Pepsi Beverages Company has recently joined a long list of employers who are being sued for paying what some employee’s refer to as “Chinese Overtime.” Yes, it’s not the best name for it. The proper name is Fluctuating Work Week overtime. Some refer to it as “half time” overtime. Whatever you call it, employee’s don’t like it and there are lawsuits all over the country challenging its use.
Usually, employers pay an hourly wage to their non-exempt workers and then pay one and one half that wage when they work overtime. For example, if someone makes $20 per hour, they get $30 per hour for overtime.
Well, in an ongoing effort by employers to save every nickel they can, they are now paying overtime pursuant to a rare and, many say unfair method.
They pay a salary to their employees, then, when they work say 50 hours, they divide that salary by 50 (not 40) to determine the hourly rate. They then pay ½ that rate for the overtime. For someone earning $800 per week, this means getting $80 for ten hours of overtime instead of $300.

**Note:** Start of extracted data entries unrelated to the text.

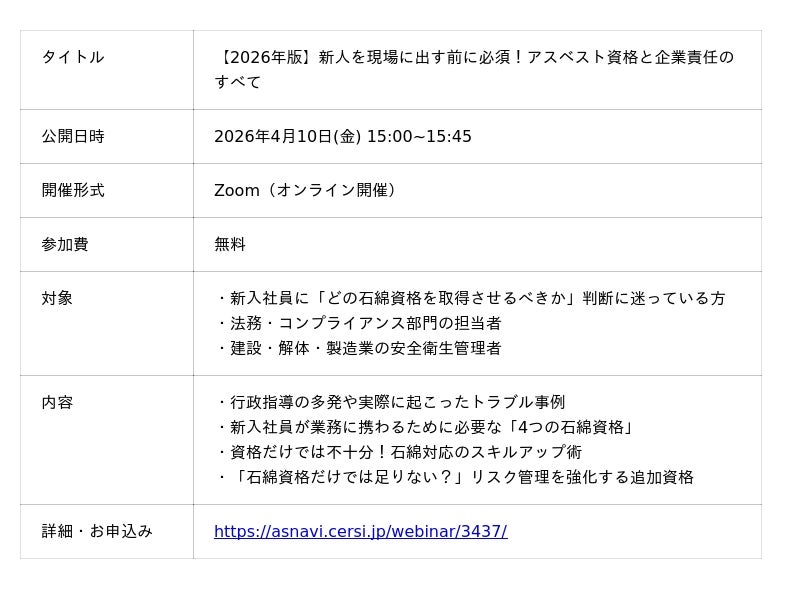 クラウド型アスベスト業務管理システム「アスベストONE」を提供する株式会社EMS(本社:東京都千代田区、代表取締役:星 美耶)は、建設・解体などの工事関係者を対象に、アスベストの基礎知識と現場での安全対策を解説する無料Webセミナーを公開することを発表しました。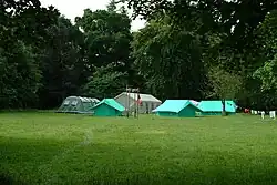 Activities onsite include orienteering, hiking, archery, high ropes course, and a zip line.[11] The Tree Council of Ireland in conjunction with An Comhairle Oidhreachta, The Irish Heritage Council, has produced a booklet called the "Larch Hill Tree Trail" which details 25 of the tree species which are part of the campsite, including the main inhabitants, the Larch, Sequoia and the Sitka Spruce.[12] Following the "Tree Trail" takes walkers to every corner of the site, taking in each camping field in turn.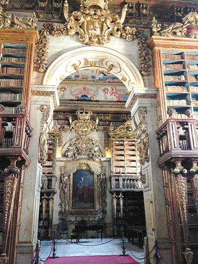科英布拉大学 老图书馆金碧辉煌,很多地方都是用纯金金箔装饰。据说,图书馆之所以如此奢华,是因为在1910年之前,全国只有这一所专业丰富的大学,很多人会将华丽的物品和装潢放在大学里展示。图书馆共分三层,游客可以参观的是藏书层和第三层(学生关禁闭的地方),中间一层是工作人员工作和珍贵古籍保存的地方。三十万册图书被整齐放置在上好的木头书架中,每个书架均有统一编码,以便学生在新图书馆的电脑系统中查询并在老图书馆中借阅。不过,对哈利·波特迷来说,科英布拉大学最厉害的是:巫师们的校服原型就是出自这所大学。
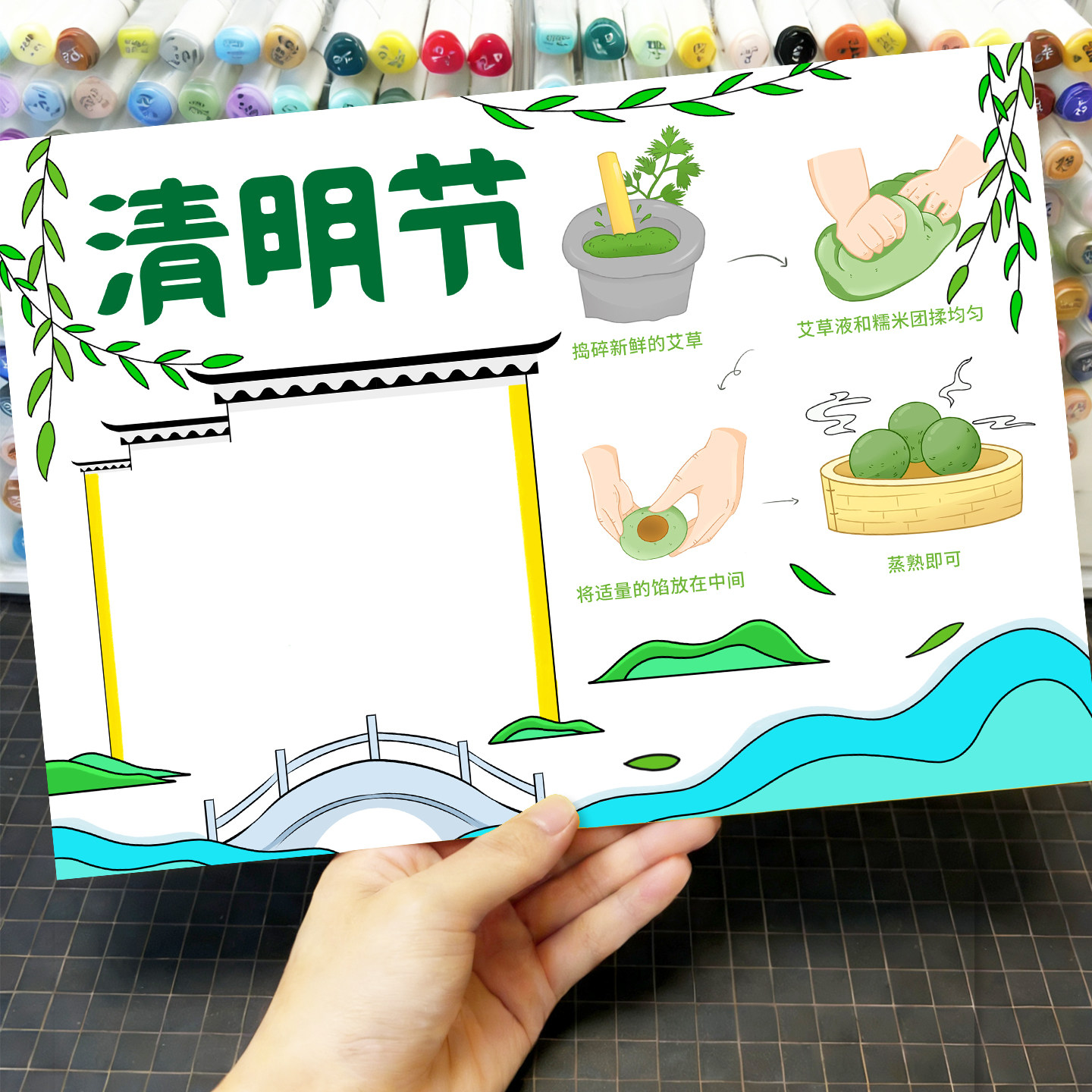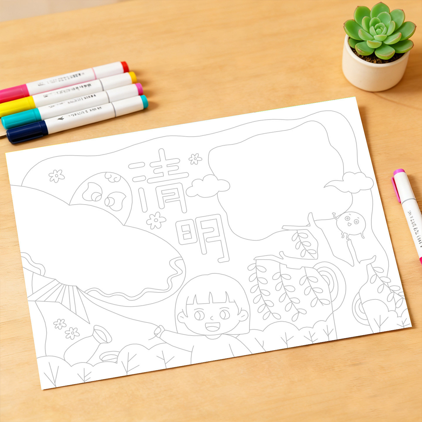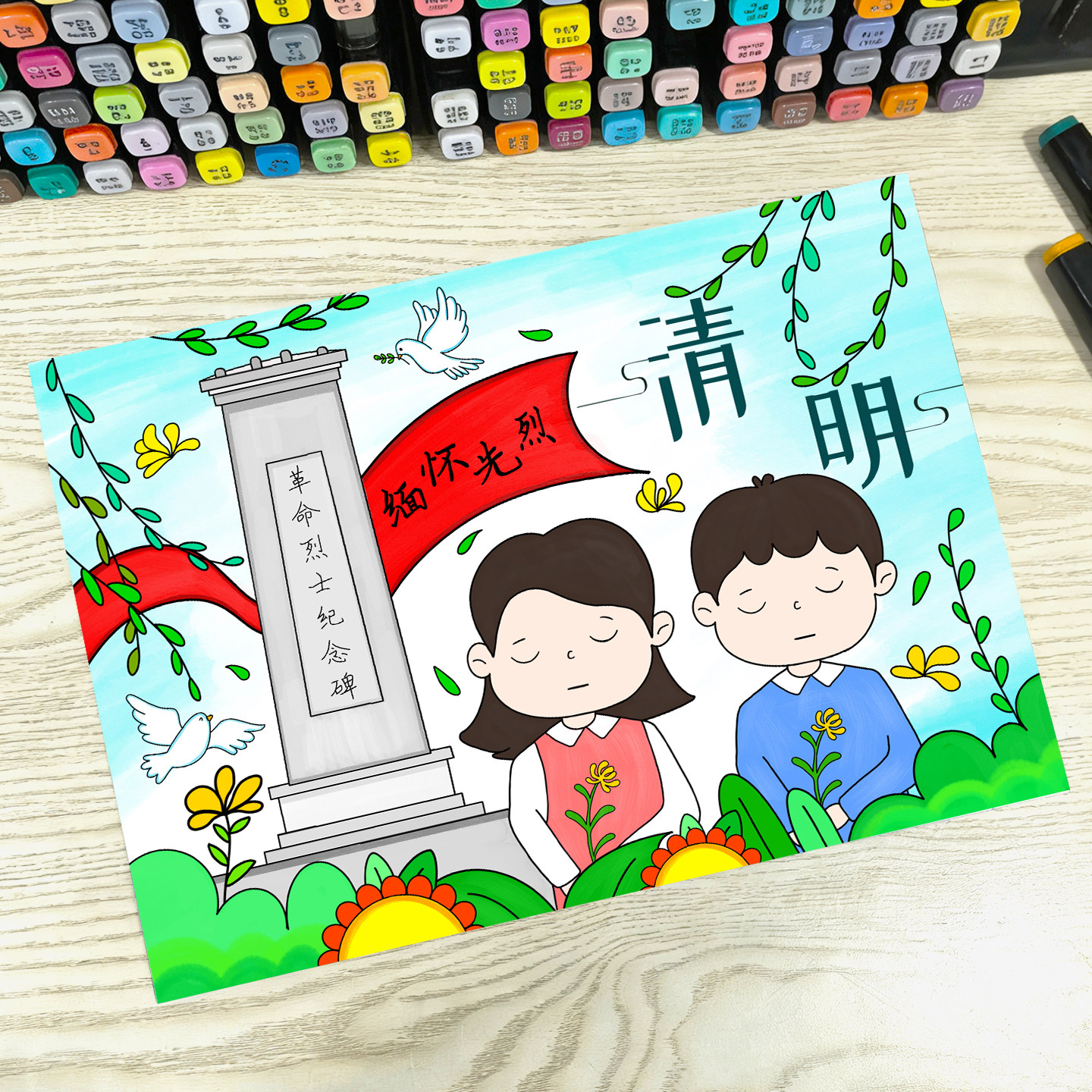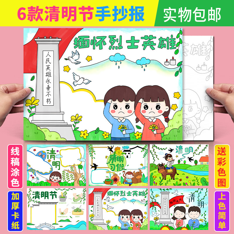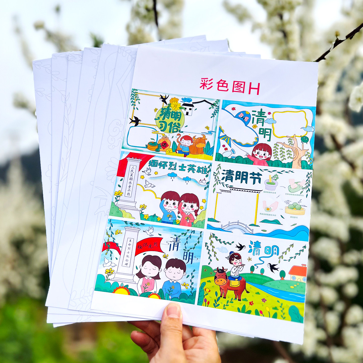 📚 清明节手抄报清明缅怀先烈儿童致敬英雄半成品线稿涂色小报实物

Unfortunately, the U.S. Department of Labor allows this payment scheme but only in certain circumstances. Employees and their lawyers around the country are attacking this rule whenever they find a way.
The latest employer to use this method is Pepsi. Stephen Boyd, a BCR, or Bulk Customer Representative, has filed a lawsuit in the federal court in Massachusetts claiming that Pepsi is not following all the rules and therefore should not be allowed to pay ½ overtime. His lawsuit claims unpaid overtime wages for himself and other BCRs.
While the claims arise out of a collective bargaining agreement of a local union, it could be that Pepsi pays all of its BCRs this way. If so, BCRs from around the country might be able to join.